Pek çok oyuncağın kendine has ses yetenekleri vardır (kornalar, ziller ve diğer müzik aletleri), sesi oyun için bir teşvik olarak kullanmak (neden ve sonuç oyuncakları) veya becerileri öğretmek için sesi kullanmak (elektronik oyunlar) için tasarlanmıştır. Rahatlatmak, teşvik etmek veya ödüllendirmek için kullanılan ses, rahatsız edici veya korkutucu olarak algılandığında, çocuk geri çekilebilir ve katılmayı reddedebilir. Oyun etkileşimlerinden kaynaklanan tesadüfi gürültü de aynı derecede önemlidir; iyi vakit geçiren çocuklar tipik olarak gürültülüdür ve oyunun hareketine uygun ani yoğun ses patlamaları üretirler. İşitsel savunmacılığa sahip çocuklar, genellikle gruplar halinde oynamak gibi resmi olmayan etkinliklerden ve doğum günü partileri gibi daha resmi sosyal etkinliklerden çekilirler.

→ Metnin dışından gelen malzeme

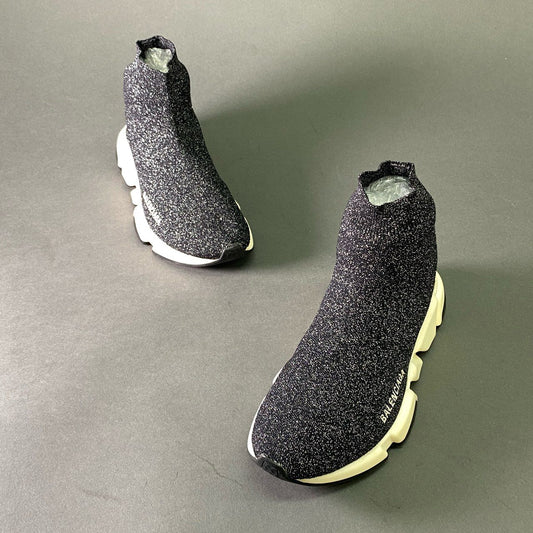 3l20 BALENCIAGA バレンシアガ SPEED TRAINER スピードトレーナー 25cm ブラック シルバー ラメ ソックススニーカー シューズ イタリア製
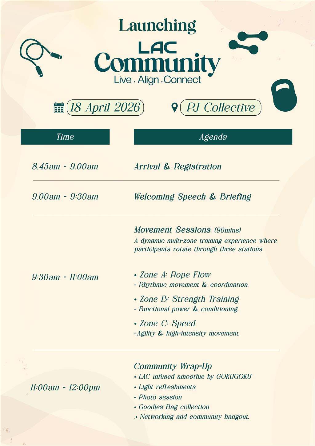 2. E-tickets for “LAC Community Launch x PJ Collective” are non-refundable once purchased but are transferable. If you are unable to attend, you may transfer your ticket to another participant by notifying us at [email protected] at least 24 hours before the event.

İşitsel duyarlılık, çocuğun burada ve şimdiki oyun deneyimlerini sınırlayan bir işlemleme sorunudur. Buradaki endişe, bu tür aktivite kısıtlamasının daha karmaşık sosyal, fiziksel ve bilişsel becerilerde uzun vadeli sekellere sahip olabileceğidir.


Yerçekimi Güvensizliği


Yerçekimsel güvensizlik, bireyin hareket veya pozisyon değişikliği ile ilgili olarak mantıksız korku, endişe veya sıkıntı hissetmesi durumudur (Ayres, 2005; May-Benson & Koomar, 2007; Parham & Mailloux, 2005). Küçük çocuklar tipik olarak hareketle ilgili deneyimlerinden zevk alırlar. Hareket etmek ve vücudu keşfetmek için kullanmak ilk yıllarda oyunun önemli parçaları olduğundan, yerçekimi güvensizliği gibi bir bozukluğun birçok oyun deneyimini nasıl bozabileceğini hayal etmek kolaydır.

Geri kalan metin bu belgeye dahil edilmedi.